“Ten women will bake their bread in one oven, they will place their bread on a scale, and you will eat and not be satisfied.” This is one verse from the rebuke, where the Torah tells us what is going to happen if we abandon G-d’s commandments.
Chasidus, the inner light of Torah, reveals and teaches that every verse in the Torah has a deeper meaning. The simple meaning of the word is the “body” and the mystical interpolation is the “soul”. This verse is no exception, it may seem to be terrible curses but truthfully under the surface they are great blessings.
This verse describes the process of baking bread. The bread in this verse refers to the Torah.
To make bread you must bake the dough. The heat of the fire allows the dough to be digested. If you eat dough that wasn’t baked with fire then it will just sit in your stomach and it will not be digested to become part of your bloodstream, part of you.
The Torah that you study must become part of you, it must not remain a distinct entity just sitting in your body. The Torah must become part of your bloodstream, not just an intellectual idea to study.
How does this happen?

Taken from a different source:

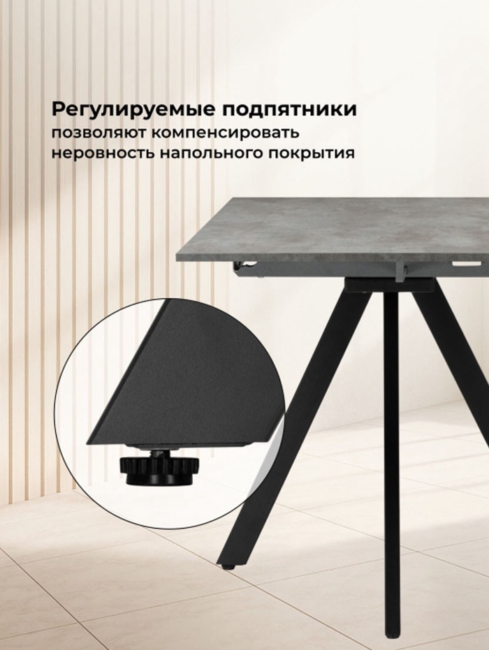 Технические характеристики Стол кухонный деревянный раздвижной «Райн», 1160(1600)×770×770 мм, цвет цемент/чёрный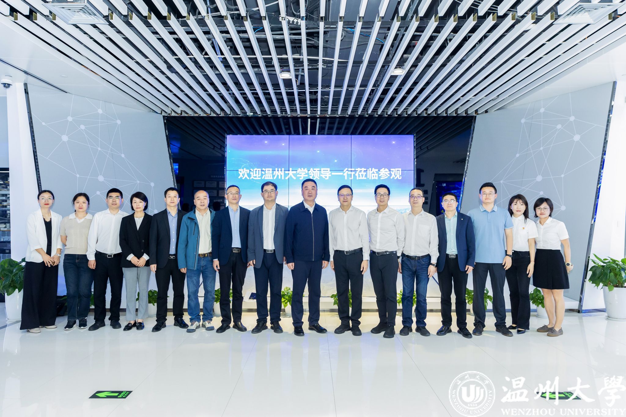 钱强一行参观了中国电信温州分公司数智创新赋能中心,与负责人座谈交流。中国电信温州分公司总经理陈峰介绍了企业基本情况,表示校企协同是推动产业升级的关键路径,未来可在人工智能、大数据分析等领域深化合作,联合培养适配数字经济的高素质人才,共筑数字经济高地。

How can the words of Torah that I study become part of me? Well, the bread, the Torah must be baked with fire. The fire enables the dough to unite with me.
The fire is the love of Hashem. The heart surges upward like a flame yearning to escape the grip of the wick to join and reunite with its source.

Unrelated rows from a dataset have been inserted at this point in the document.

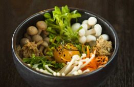 Pour dîner, le restaurant East Market, installé sur pilotis, au Nord-Est de l’île, propose une cuisine asiatique aux saveurs du Sri Lanka, Cambodge, Indonésie, Chine, Thaïlande.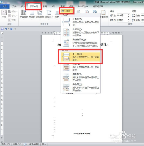 为了顺遂从后面一页起头编码,我们要插入分节符。首先把鼠标放在首页的最后文字的末从头至尾,好比这里放置在“xxx年夜学研究生院制”的最后面。然后依次点击:页面结构-分隔符-下一页。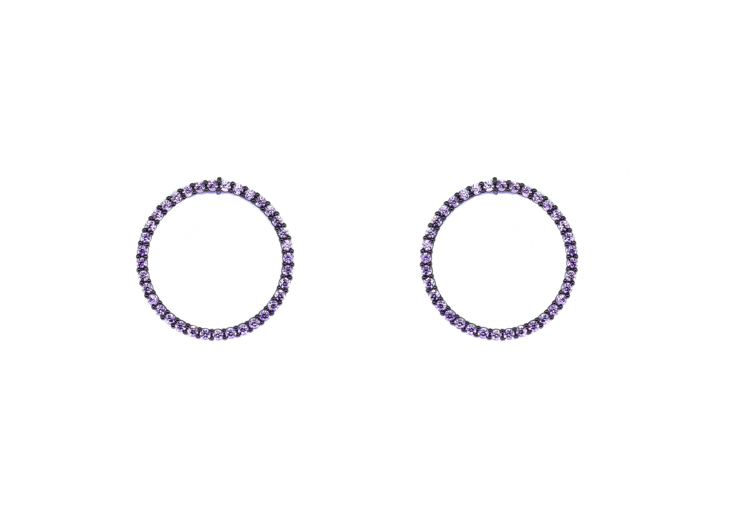 Componenti per orecchini componibili con pietre tonde in zirconia cubica ametista, realizzati in Argento 925 con galvanica rodio nero.

The great but hidden blessing in this verse is that the fire will consume and involve all ten faculties of the soul, all ten women and direct them to one oven, to one love, a love that will transform every part of the person.
And then comes the climax. The greatest blessing: and you will eat and not be satisfied.

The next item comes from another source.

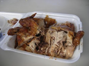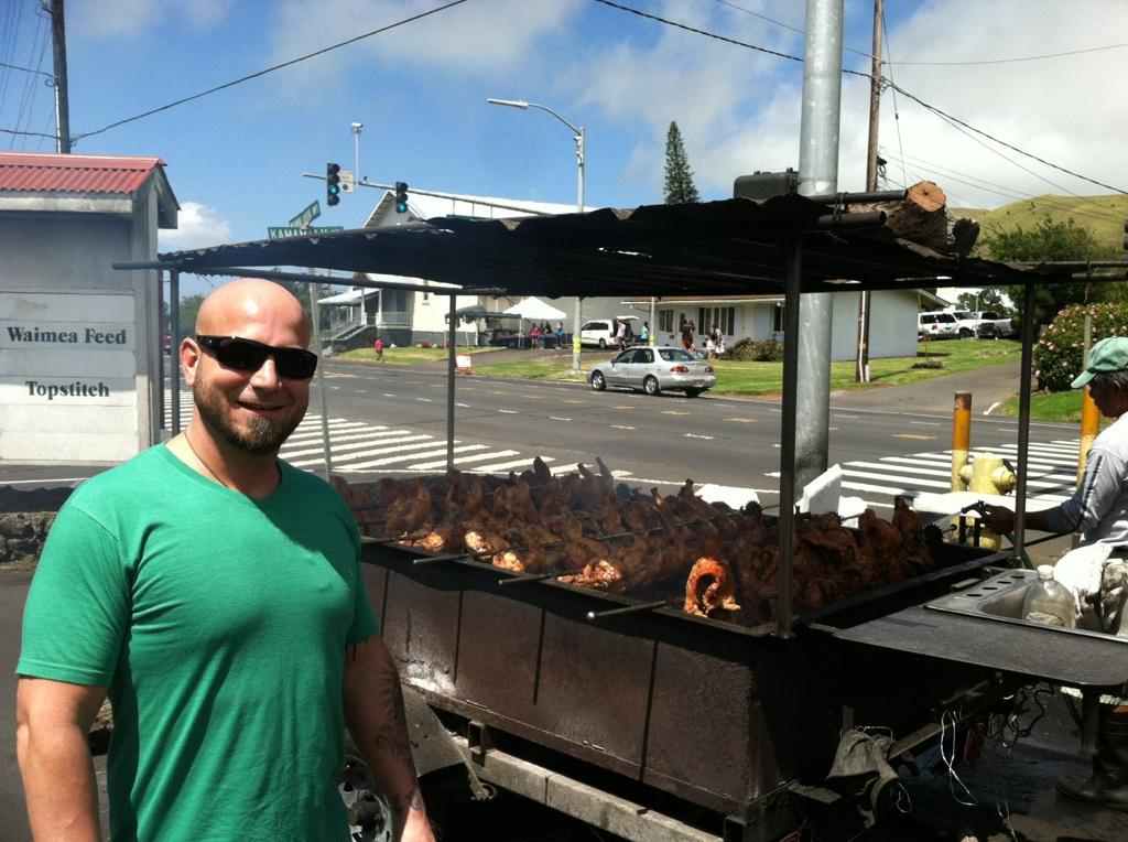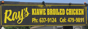 Another piece of roadside awesomeness was spotted by a friend who visited the Big Island, Hawaii a month before I made my trip. This account is based on an interview with Nachelle Corey, who says this place provided the “best chicken ever!” This roadside vendor sells freshly-broiled chicken from a large BBQ pit attached to the back of a trailer. Ray, the owner, racks whole chickens on metal skewers and slowly broils them over low heat, ensuring each rack of chicken is perfectly cooked.

Your love and yearning will never cease. You will never be satisfied with your state of being, you will always yearn to grow closer, and the love will only intensify.
You will not be satisfied. You put on Tefilin today, you learned a portion of the torah today, well, you’re in love. Your love is so great that when you meet your beloved again tomorrow morning with the Tefilin you are excited as if it were the first time you are meeting. You take out a book of Torah as if you’ve never done anything like that before. You are excited and your heart is jumping like a flame on a torch.
Bake your bread. Gather all ten women to one oven, to one fire, to one love. Most importantly eat but don’t be satisfied.
(lekutei Torah Parshas Bechukosay)
P.S. while writing all this down I became hungry, I found a bagel, and after biting into it I discovered that it wasn’t so fresh. I put into the oven and I enjoyed a delicious, crispy and irresistible bagel.